AS ISO IEC 14496.18 pdf download

AS ISO IEC 14496.18 pdf download

AS ISO IEC 14496.18 pdf download Information technology—Coding of audio-visual objects Part 18: Font compression and streaming
4 Font Compression Technology
4.1 Overview Transmission of the font data through bandwidth-limited channels requires efficient compression techniques be applied that allow reducing font data size without sacrificing quality of text rendering and advanced typographic features supported by the font. MPEG-4 adopts MicroType® Express 3) 2.0 font compression technology, which allows lossless compression of OpenType fonts with TrueType outlines and provides the capability to render the text without decompressing the whole font, which significantly reduces memory requirements. The specification of this compression mechanism is presented below.
4.2 Compressed Font Format Specification
4.2.1 Introduction This part of the document describes the compressed font format that is designed for compact binary representation of lossless-compressed TrueType and OpenType with TrueType outlines fonts (TTF) and font collections (TTC).
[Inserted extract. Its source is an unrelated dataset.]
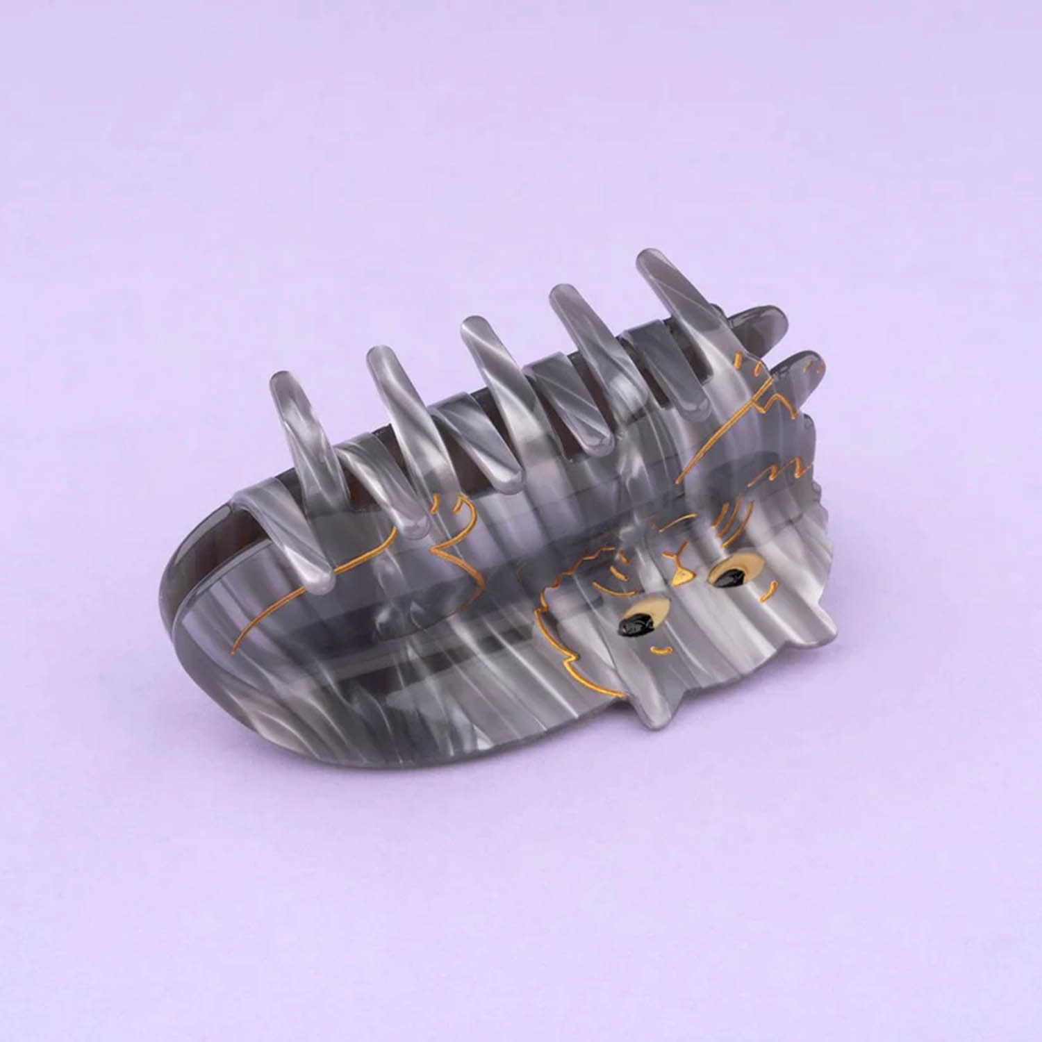 L'amata gattina di Juliette (la creatrice del marchio), che ha dato il nome al brand: Suzette! E sì, dietro a questo delizioso nome si nasconde un persiano grigio a cui era giunto il momento di rendere omaggio! Abbiamo scelto un grazioso grigio cangiante per questo fermaglio per capelli, che imita perfettamente il pelo morbido e setoso di questo splendido felino. Lunga vita a Suzette! Realizzato in acrilico madreperlato con denti in metallo e dettagli dorati dipinti a mano, è un’idea regalo davvero unica e originale per gli amanti dei nostri amici felini, perfetta anche da inserire in un calendario dell'Avvento o per un Secret Santa. Si consiglia di evitare il contatto con l’acqua.
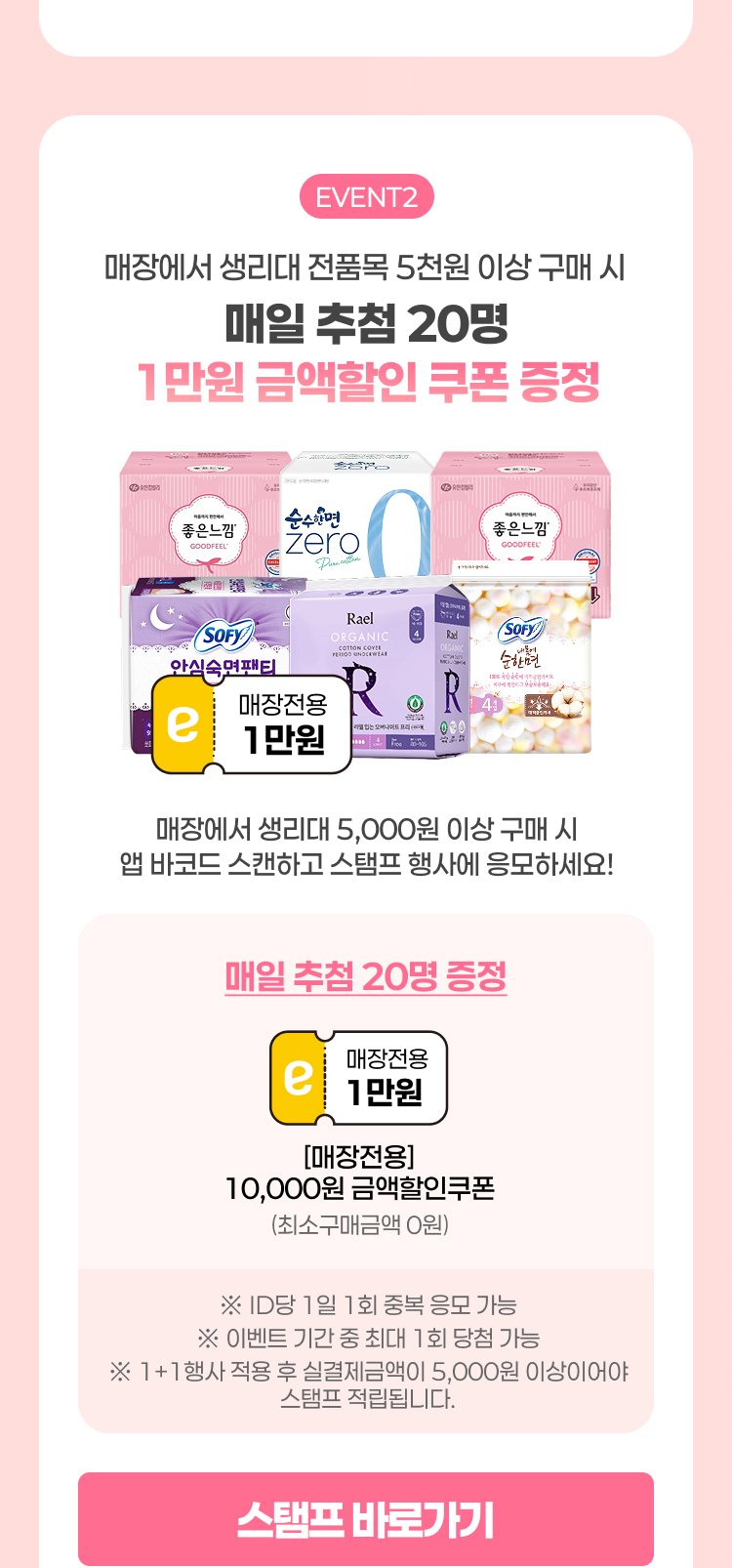 매장에서 생리대 전품목 5천원 이상 구매 시

This font compression technology for OpenType TrueType fonts is designed to minimize memory usage for font data storage in resource-constrained environments, where both ROM and RAM memory savings are critical, and build relatively small font files without sacrificing the quality, features and capabilities of TrueType and OpenType fonts.
The compressed font format provides random access capabilities into the font data and allows font rasterizer to render glyphs directly from the compressed font tables without decompressing the whole font while maintaining the highest character quality. The selection and number of compressed tables in a font file may differ from one font to another. Any number of tables can be compressed in the same font (from only one to all), which allows application developers to optimize “memory savings – performance of font rendering engine” trade-off.
Compression algorithms, applied to font tables, take advantage of advanced knowledge of OpenType font tables structure and meaning of data (text, TrueType instructions, glyph data, etc.). Separation of these objects into groups with distinctly different statistical distributions allows employing a number of compression techniques, which results in producing most compact lossless-compressed data. These techniques are especially effective when compressing of the glyph data (‘glyf’ table), which is typically the biggest table in the TTF file. The details of the glyph data compression are described in subclause 4.2.4 of this specification.
4.2.2 Data Types The compressed font format follows the same SFNT structure (used in both TrueType and OpenType) that provides a “wrapper” for a collection of tables in a general and extensible manner. Rasterizers use a combination of tables contained in the font to render glyph outlines. In order to simplify the process of traversing the tables in a font, the beginning of each table is aligned on the 4-byte boundary and each table data is padded with zeros.